Approximating spaces of Nagata dimension zero by weighted trees

TL;DR

This paper demonstrates that metric spaces with Nagata dimension zero can be densely approximated by weighted trees, providing new insights into their structure and embedding properties, with implications for Lipschitz extensions and hyperbolic spaces.

Contribution

It establishes that Nagata dimension zero spaces are densely approximable by weighted trees, extending previous results and applying to hyperbolic spaces.

Findings

Dense subsets are bilipschitz equivalent to weighted trees

Best possible factor of 8 for ultrametric spaces

Quantitative metric embedding and Lipschitz extension results

Abstract

We prove that if a metric space $X$ has Nagata dimension zero with constant $c$, then there exists a dense subset of $X$ that is $8c$-bilipschitz equivalent to a weighted tree.
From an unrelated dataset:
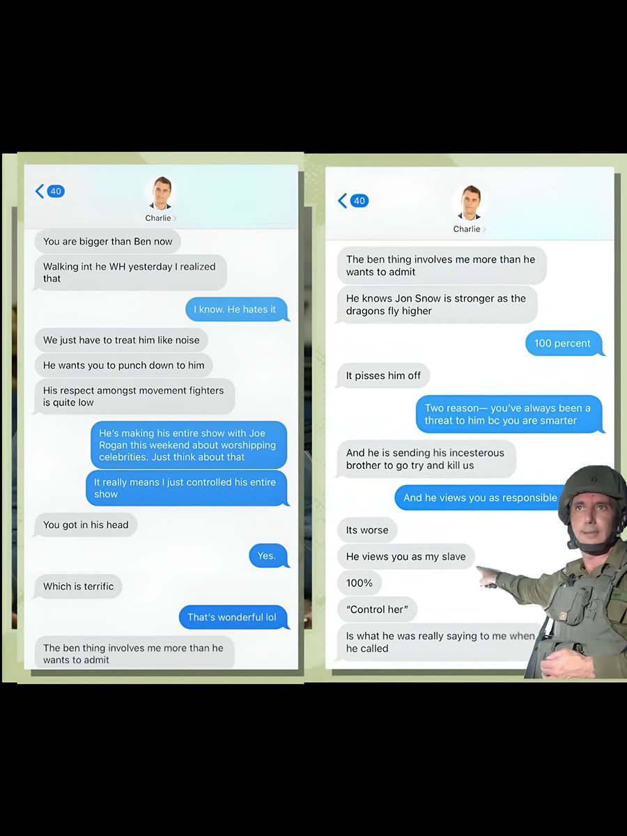 Candace produced more text messages between her and Charlie Kirk talking about Ben Shapiro. “We need to treat Ben like noise” “he’s sending his [incestuous] brother to go try and kill us” “he views you as my slave” -CK Ben may need 5150, Megyn Kelly rant backfired. https://t.co/kQaMHgugnq

The factor $8$ is the best possible if $c=1$, that is, if $X$ is an ultrametric space. This yields a new proof of a result of Chan, Xia, Konjevod and Richa. Moreover, as an application, we also obtain quantitative versions of certain metric embedding and Lipschitz extension results of Lang and Schlichenmaier. Finally, we prove a variant of our main theorem for $0$-hyperbolic proper metric spaces. This generalizes a result of Gupta.